Pseudomonas aeruginosa (P. aeruginosa) is associated with periapical periodontitis. The lesions are characterized by a disorder in osteoblast metabolism. Quorum sensing molecular N-(3-oxododecanoyl)-homoserine lactone (AHL) is secreted by P. aeruginosa and governs the expression of numerous virulence factors. AHL can trigger intracellular calcium ([Ca²⁺]_i) fluctuations in many host cells. However, it is unclear whether AHL can regulate osteoblast metabolism by affecting [Ca²⁺]_i changes or its spatial correlation. We explored AHL-induced apoptosis and differentiation in pre-osteoblastic MC3T3-E1 cells and evaluated [Ca²⁺]_i mobilization using several extraction methods. The spatial distribution pattern of [Ca²⁺]_i among cells was investigated by Moran's I, an index of spatial autocorrelation. We found that 30 μM and 50 μM AHL triggered opposing osteoblast fates. At 50 μM, AHL inhibited osteoblast differentiation by promoting mitochondrial-dependent apoptosis and negatively regulating osteogenic marker genes, including Runx2, Osterix, bone sialoprotein (Bsp), and osteocalcin (OCN).
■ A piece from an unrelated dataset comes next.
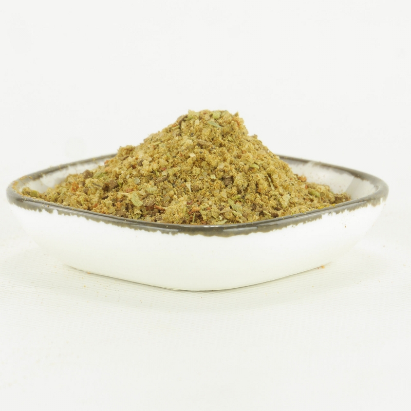 Sale marino, zucchero di canna, origano, pepe, caffè istantaneo (4,5%), polvere di pomodoro, peperoncino, cipolla, aglio.

In contrast, prolonged treatment with 30 μM AHL promoted osteoblast differentiation concomitantly with cell apoptosis. The elevation of [Ca²⁺]_i levels in osteoblasts treated with 50 μM AHL was spatially autocorrelated, while no such phenomenon was observed in 30 μM AHL-treated osteoblasts. The blocking of cell-to-cell spatial autocorrelation in the osteoblasts provoked by 50 μM AHL significantly inhibited apoptosis and partially restored differentiation. Our observations suggest that AHL affects the fate of osteoblasts (apoptosis and differentiation) by affecting the spatial correlation of [Ca²⁺]_i changes. Thus, AHL acts as a double-edged sword for osteoblast function.

铜绿假单胞菌( P. aeruginosa ) 与根尖周炎有关。病变的特征是成骨细胞代谢紊乱。群体感应分子 N-(3-oxododecanoyl)-高丝氨酸内酯 (AHL) 由铜绿假单胞菌分泌并控制许多毒力因子的表达。AHL 可以触发许多宿主细胞中的细胞内钙 ([Ca ²⁺ ] _i ) 波动。然而，尚不清楚AHL是否可以通过影响[Ca ²⁺ ] _i变化或其空间相关性来调节成骨细胞代谢。我们在前成骨细胞 MC3T3-E1 细胞中探索了 AHL 诱导的细胞凋亡和分化，并评估了 [Ca ²⁺ ] _i使用多种提取方法进行动员。细胞间[Ca ²⁺ ] _i的空间分布模式通过空间自相关指数Moran's I进行研究。我们发现 30 μM 和 50 μM AHL 引发了相反的成骨细胞命运。在 50 μM 时，AHL 通过促进线粒体依赖性细胞凋亡和负调节成骨标记基因（包括 Runx2、Osterix、骨唾液蛋白（Bsp）和骨钙素（OCN））来抑制成骨细胞分化。相比之下，用 30 μM AHL 延长治疗促进成骨细胞分化伴随细胞凋亡。[Ca ²⁺ ] _i的高度用 50 μM AHL 处理的成骨细胞中的水平是空间自相关的，而在 30 μM AHL 处理的成骨细胞中没有观察到这种现象。50 μM AHL 引起的成骨细胞中细胞间空间自相关的阻断显着抑制了细胞凋亡并部分恢复了分化。我们的观察表明，AHL 通过影响 [Ca ²⁺ ] _i变化的空间相关性来影响成骨细胞的命运（细胞凋亡和分化）。因此，AHL 对于成骨细胞功能来说是一把双刃剑。